Prompt Caching is relevant when you're building something with the SDK — for example:
- A custom Claude Code plugin/skill that makes its own API calls
- A slash command implementation that calls the API programmatically
- An MCP server you've written that proxies requests
- A standalone agentic script invoked from the Claude Code environment
In those cases where you own the API call, you'd apply cache_control as shown.
| Context | Caching approach |
|---|---|
Interactive claude CLI | Automatic — nothing to configure |
| Your own SDK/API code | Manual cache_control on content blocks |
| Claude Code plugins/MCP servers | Manual cache_control in your implementation |
The mechanics
- You mark cache breakpoints using
"cache_control": { "type": "ephemeral" }in your message content blocks - The cache is keyed on the exact content up to that breakpoint — any change invalidates it
- Cache TTL is 5 minutes (refreshed on each hit)
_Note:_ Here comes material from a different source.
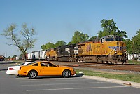 A colorful duo of GE's leads UP's Valmy coal empty south through the Grant Tower area of Salt Lake City. The train will tie down at East Roper upon arrival. At 11:00, a fresh crew will forward the... (more)

- Works on system prompts, user message content blocks, tool definitions, and documents
Why it matters
| Metric | Impact |
|---|---|
| Latency | Significant reduction on cache hits (KV state is reused) |
| Cost | Cache writes cost ~25% more; cache reads cost ~90% less |
| Best for | Large stable system prompts, RAG documents, few-shot example banks |
Practical analogy
Think of it like memoization at the token processing level — the model has already "read and understood" your big context block, and you're reusing that intermediate computation rather than re-deriving it every call.
It's especially impactful for agentic workflows where the same large system prompt or document set is sent with every tool call iteration.
Examples
Here are practical examples of prompt caching in Claude Code-style workflows:
1. Large System Prompt (Persistent Agent Persona)
Useful when your agent has extensive instructions, tool descriptions, or behavioral guidelines that don't change across turns.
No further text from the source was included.